» **EXERCISE OBJECTIVE**
The entries that follow include a run beginning at the line with "戴口罩出行旅行疫情游玩旅游返程防疫插畫" and ending at the line with "Molemmat sivut kokonaiuudessa"; restate that run word for word and leave the rest out.

» **PROVIDED INFORMATION**
--------------------

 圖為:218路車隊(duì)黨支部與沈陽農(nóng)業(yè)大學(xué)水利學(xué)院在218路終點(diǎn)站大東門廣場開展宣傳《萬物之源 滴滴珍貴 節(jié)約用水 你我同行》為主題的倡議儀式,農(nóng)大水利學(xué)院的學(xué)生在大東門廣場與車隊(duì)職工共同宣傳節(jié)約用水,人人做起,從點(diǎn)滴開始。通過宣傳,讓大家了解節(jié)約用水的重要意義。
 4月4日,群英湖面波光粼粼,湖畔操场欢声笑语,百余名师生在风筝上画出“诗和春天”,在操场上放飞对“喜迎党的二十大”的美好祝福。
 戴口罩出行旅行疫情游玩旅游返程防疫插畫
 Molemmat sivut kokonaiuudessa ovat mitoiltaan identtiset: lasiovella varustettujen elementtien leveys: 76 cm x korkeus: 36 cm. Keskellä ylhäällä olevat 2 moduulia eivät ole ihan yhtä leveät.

--------------------

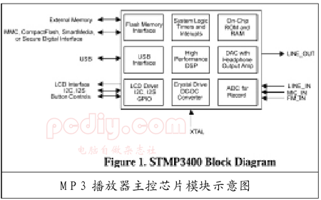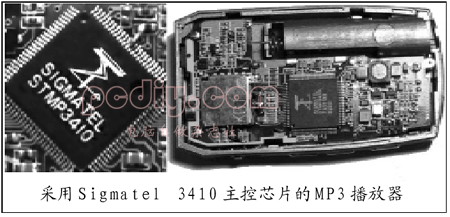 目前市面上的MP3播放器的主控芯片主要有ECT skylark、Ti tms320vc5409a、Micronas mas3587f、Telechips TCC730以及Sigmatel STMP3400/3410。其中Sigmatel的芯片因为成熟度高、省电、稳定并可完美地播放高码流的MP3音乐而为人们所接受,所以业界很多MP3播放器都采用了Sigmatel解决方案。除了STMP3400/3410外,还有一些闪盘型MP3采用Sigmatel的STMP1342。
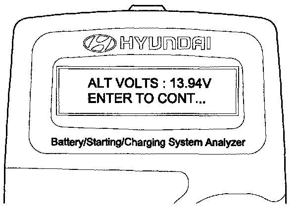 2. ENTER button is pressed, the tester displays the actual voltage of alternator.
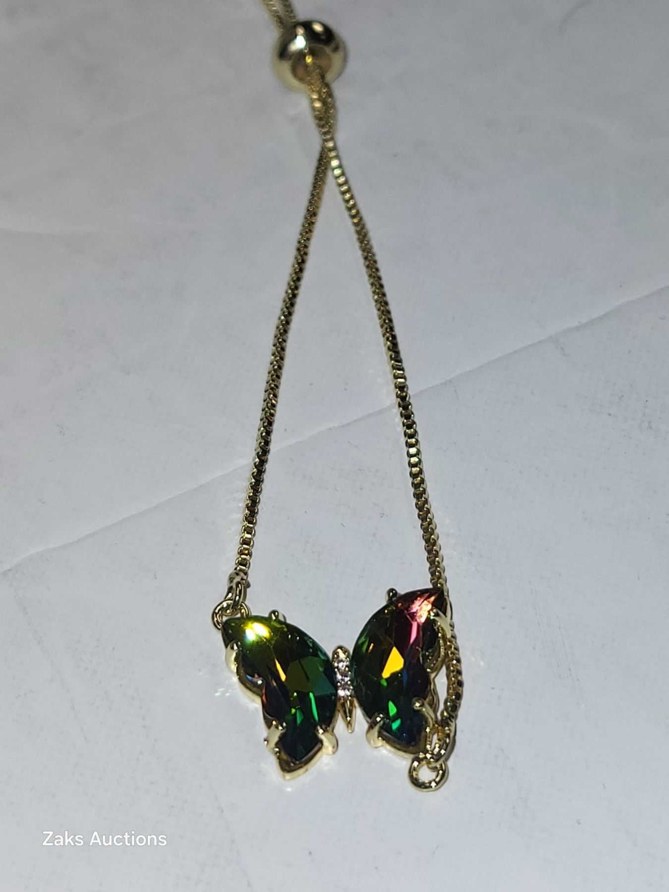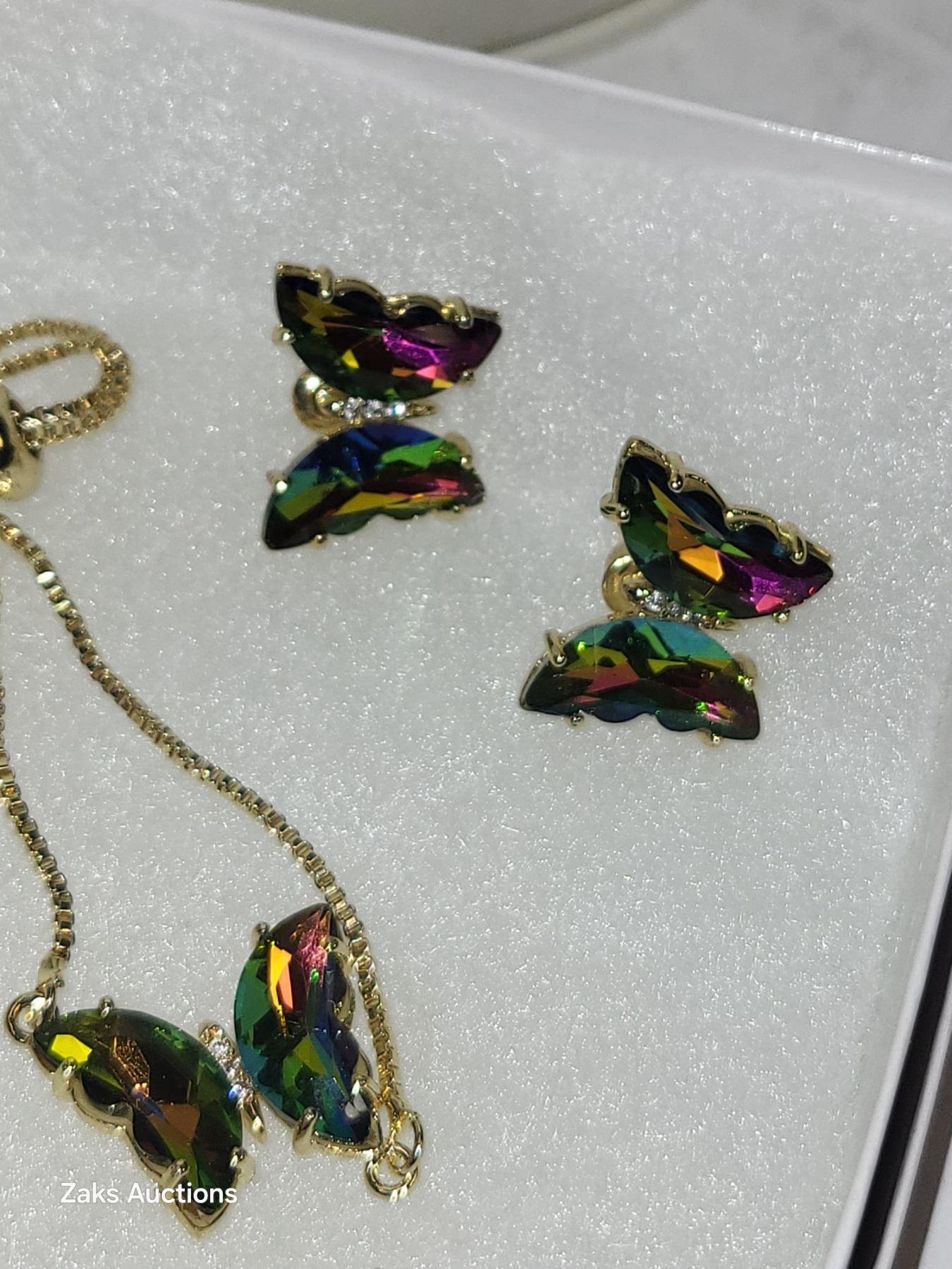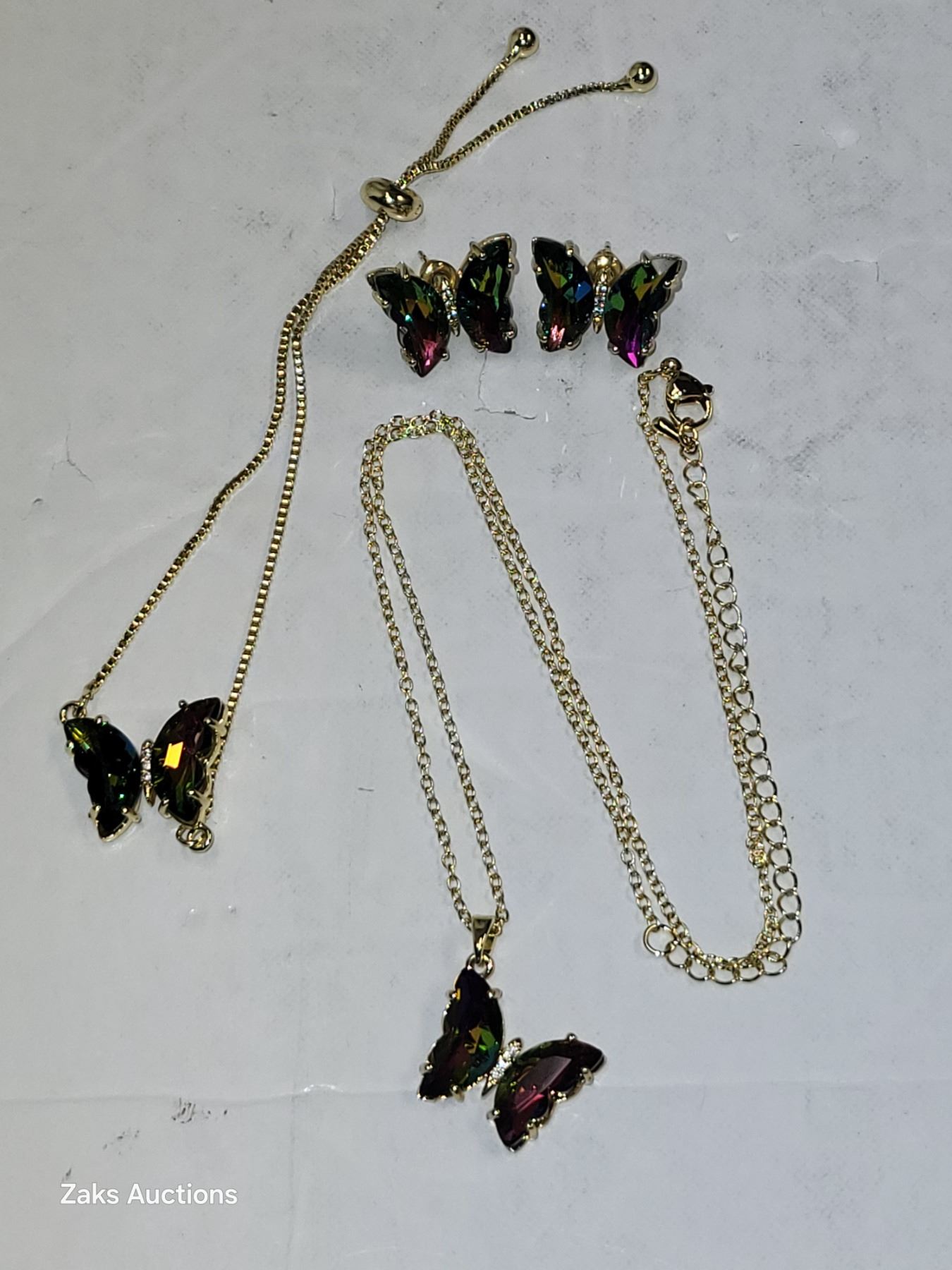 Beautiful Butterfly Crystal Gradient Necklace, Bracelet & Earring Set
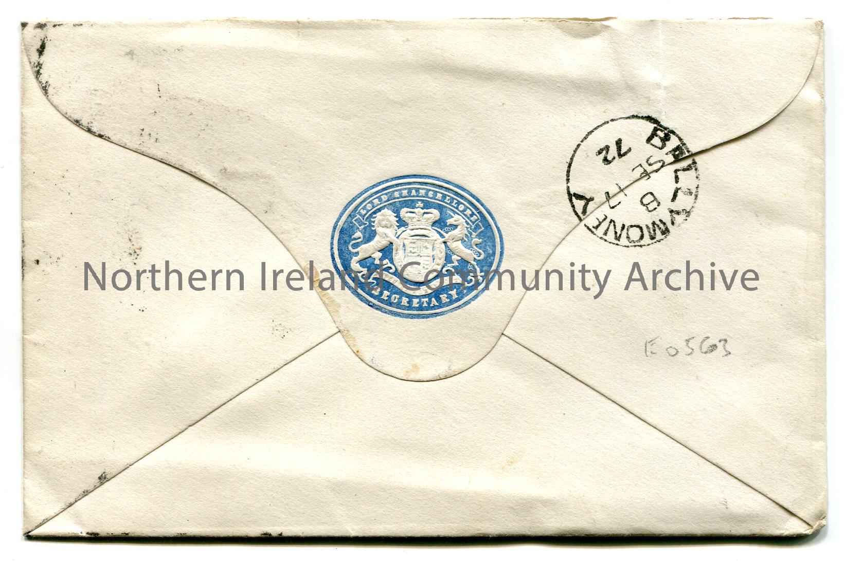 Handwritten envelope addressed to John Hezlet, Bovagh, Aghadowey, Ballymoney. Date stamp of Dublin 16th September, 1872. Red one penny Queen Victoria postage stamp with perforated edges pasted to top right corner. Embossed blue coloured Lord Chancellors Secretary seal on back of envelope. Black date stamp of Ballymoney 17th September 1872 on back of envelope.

--------------------

» **RESPONSE TO THIS EXERCISE**
 戴口罩出行旅行疫情游玩旅游返程防疫插畫
 Molemmat sivut kokonaiuudessa ovat mitoiltaan identtiset: lasiovella varustettujen elementtien leveys: 76 cm x korkeus: 36 cm. Keskellä ylhäällä olevat 2 moduulia eivät ole ihan yhtä leveät.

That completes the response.